We report on novel aqueous redox flow batteries (RFBs) based on 4-hydroxy-2,2,6,6-tetramethylpiperidine 1-oxyl (TEMPOL) as an active material.  TEMPOL is a stable and highly water-soluble nitroxyl radical compound.  Electrochemical and UV-VIS measurements highlight that the pH value of electrolyte has a significant impact on the redox reversibility of TEMPOL.  The half-wave potential of TEMPOL was determined to be 0.61 V vs. Ag/AgCl (0.83 V SHE.).
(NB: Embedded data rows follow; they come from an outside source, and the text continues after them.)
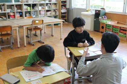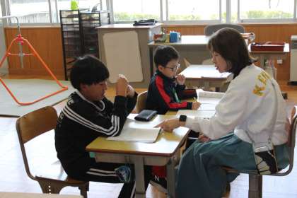 あすくすの学習の様子です。 国語では、先生に教えてもらいながら、一生懸命音読する姿が見られました。
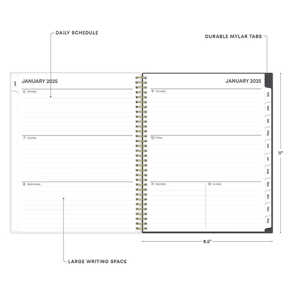 A simple planner for busy schedules. Organize tasks and time with the 2025 weekly and monthly Makeera planner from Blue Sky. Use weekly layouts, tabbed monthly views, and notes pages to effectively manage your schedule and achieve your goals.
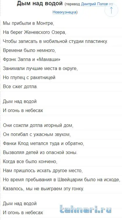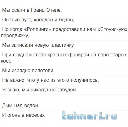 Да расслабься ты! Всё нормально! Пусть будет дым около воды, или дым за водой. Тебе как больше нравится? А мне больше сама композиция нравится. У тебя чего там, с юмором проблемы? Какие то там переводы литературные приплёл! Какие на фиг переводы? Шутю я ! Я вообще пошутить люблю. Не уж то не заметил? А вот людям без чувства юмора, я бы инвалидность давал.....
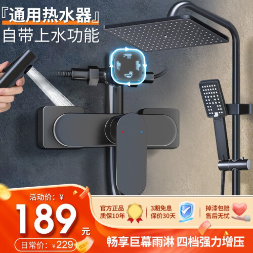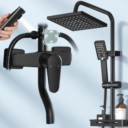 当前的位置: 首页 > 今日值得买 > JIATOER淋浴花洒套装浴室全套花洒淋雨黑色花洒喷头三件套增压淋浴器 四档妇洗方形(带置物架托盘)
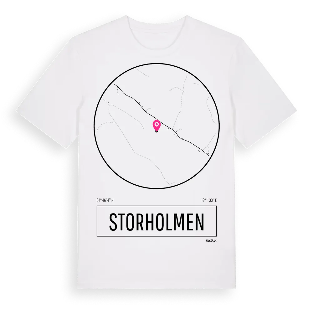 Storholmen t-shirt är inspirerad av ön Storholmen i Västerbottens län, Sverige. Tröjan är designad för dig som har en speciell koppling till platsen – oavsett om du bor här, har rötterna här eller bara älskar Storholmen.
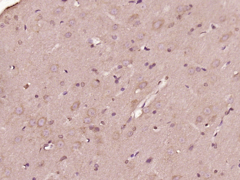 Paraformaldehyde-fixed, paraffin embedded (Rat brain); Antigen retrieval by boiling in sodium citrate buffer (pH6.0) for 15min; Block endogenous peroxidase by 3% hydrogen peroxide for 20 minutes; Blocking buffer (normal goat serum) at 37°C for 30min; Antibody incubation with (OTUD1) Polyclonal Antibody, Unconjugated (bs-17563R) at 1:400 overnight at 4°C, followed by operating according to SP Kit(Rabbit) (sp-0023) instructionsand DAB staining.
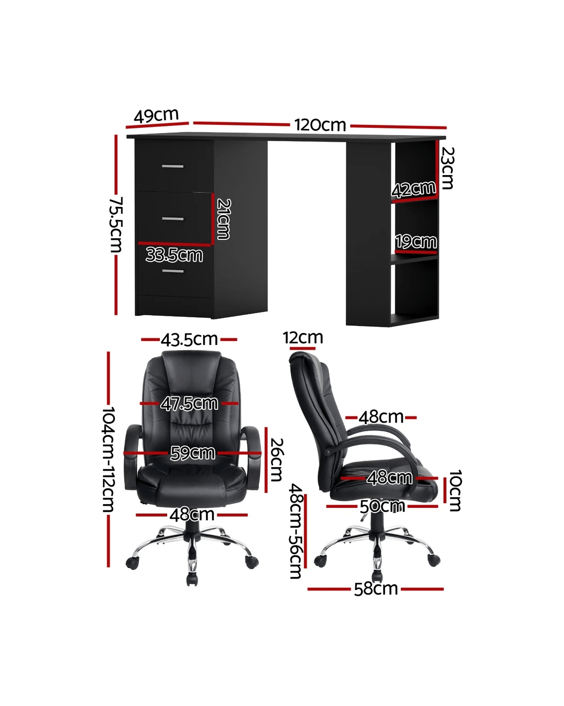 Sold by Aisle SixArtiss Computer Desk 120cm Executive Office Chair Set PU Leather High Back - Black
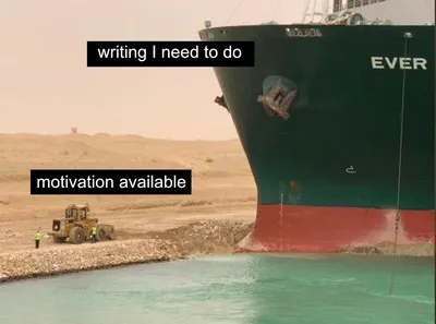And the memes filled the internet like cargo ships piling up in the Red Sea. Many of the most popular touched on the angst of the last pandemic-filled year; one labelled the hulking ship "my COVID depression & anxiety" and the tiny digger on shore as "going on a daily walk".
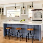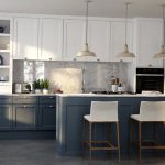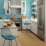 Tonurile de lumină rece cresc vizual înălțimea pereților. Prin urmare, dacă camera nu este înaltă, este recomandabil să faceți bucătăria în albastru, în timp ce se recomandă să lăsați pereții simpli.
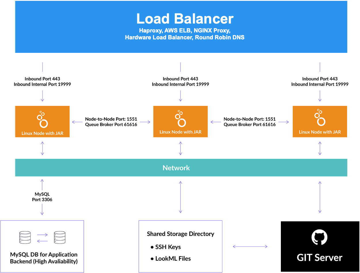 To balance the load or redirect requests to available nodes, a load balancer or proxy server (for example, NGINX or AWS ELB) is required to direct traffic to each Looker node. The load balancer handles health checks. In the event of a node failure, the load balancer must be configured to reroute traffic to the remaining healthy nodes.
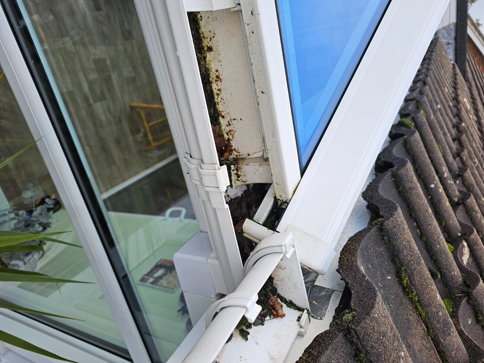 Yes the water dripping down the glass is on the outside. It's raining persistently here but can't see a drop of water coming through today, typical! Or even a sign of water marks on the inside of the section I'm pulling down. Originally years ago when all this started the water was dripping from halfway down the glazing bar/rafter which is the corner one in the photo. This stopped but the leak from the cloaking continued (from what I call the jointing strip) and then it moved long to the. right to where the cloaking meets the window,
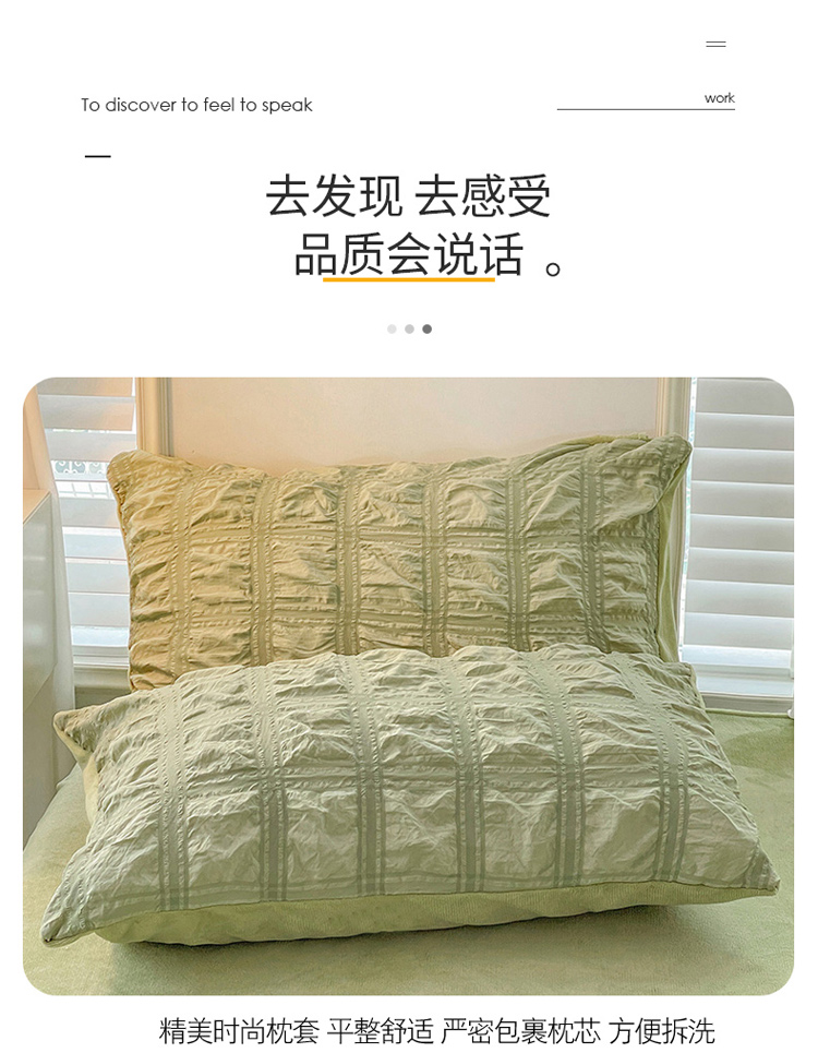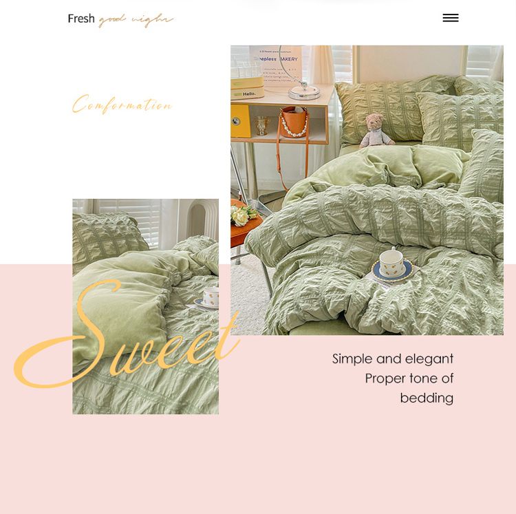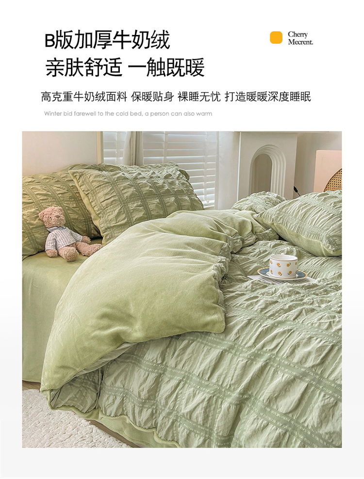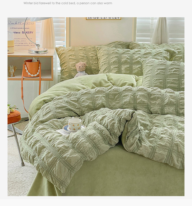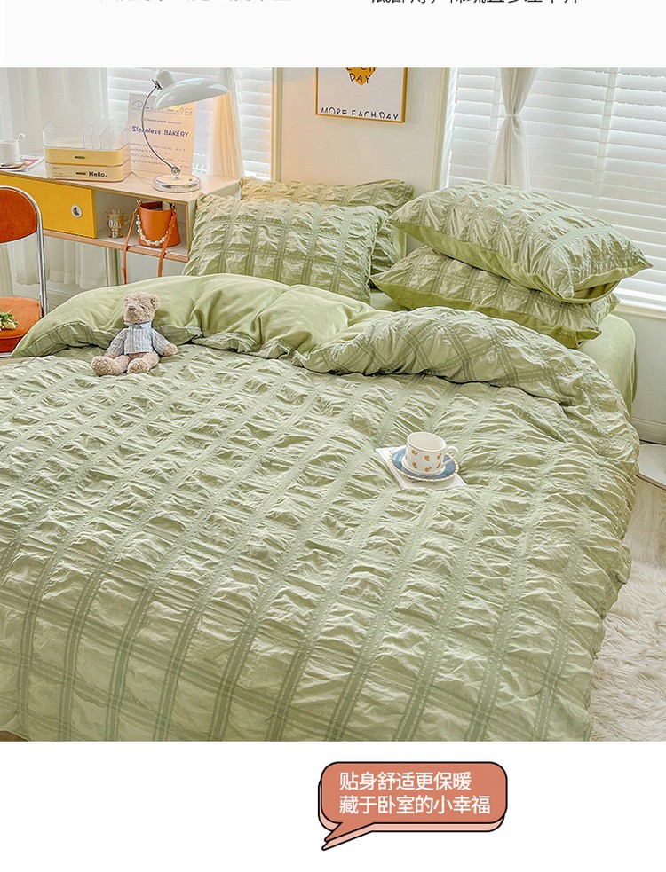 商品名称:寐居 2022新款泡泡纱牛奶绒四件套 泡泡-翡翠绿
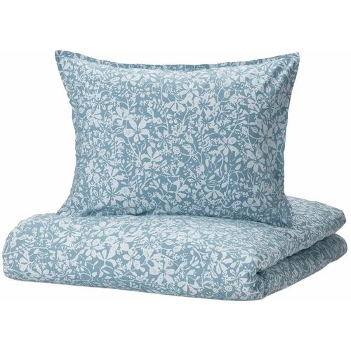 Пододеяльник 1,5 спальный, наволочка саломея (икеа соммарслоя) 150x200/50x70, цветочный орнамент/синий, поплин KL-20529750
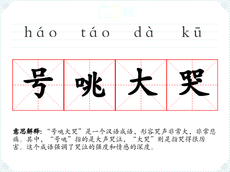 “号咷大哭”是一个汉语成语,形容哭声非常大,非常悲痛。其中,“号咷”指的是大声哭泣,“大哭”则是指哭得很厉害。这个成语强调了哭泣的强度和情感的深度。

Furthermore, its peak separation of 73 mV at a sweep rate of 10 mV s^-1 is close to the theoretical value (59 mV) expected for a reversible one-electron reaction.  We demonstrate that the diffusion coefficient of TEMPOL in neutral aqueous solution is comparable to the vanadium ions used in practical RFBs.  TEMPOL also exhibits a quasi-reversible redox reaction, defined by a distinct kinetic rate constant, in near-neutral aqueous solutions.

  We show that RFBs incorporating TEMPOL catholyte and Zn-based anolyte have an average discharge voltage of 1.46 V and an energy efficiency of 80.4% during the initial cycle, when subject to a constant current of 10 mA cm^-2.  We also introduce a green aqueous RFB using TEMPOL catholyte and anthraquinone-2,7-disulfonic acid disodium salt (AQ27Na₂) as anolyte.  This green RFB contains no toxic or flammable compounds, and exhibits an open-circuit voltage of 1.22 V and an average discharge voltage of 0.74 V.  The TEMPOL/Zn and TEMPOL/AQ27Na₂ RFBs both show stable and long-term cycling at 10% SOC. Our approach offers a promising direction to develop inexpensive, environmentally-friendly, and safe RFBs.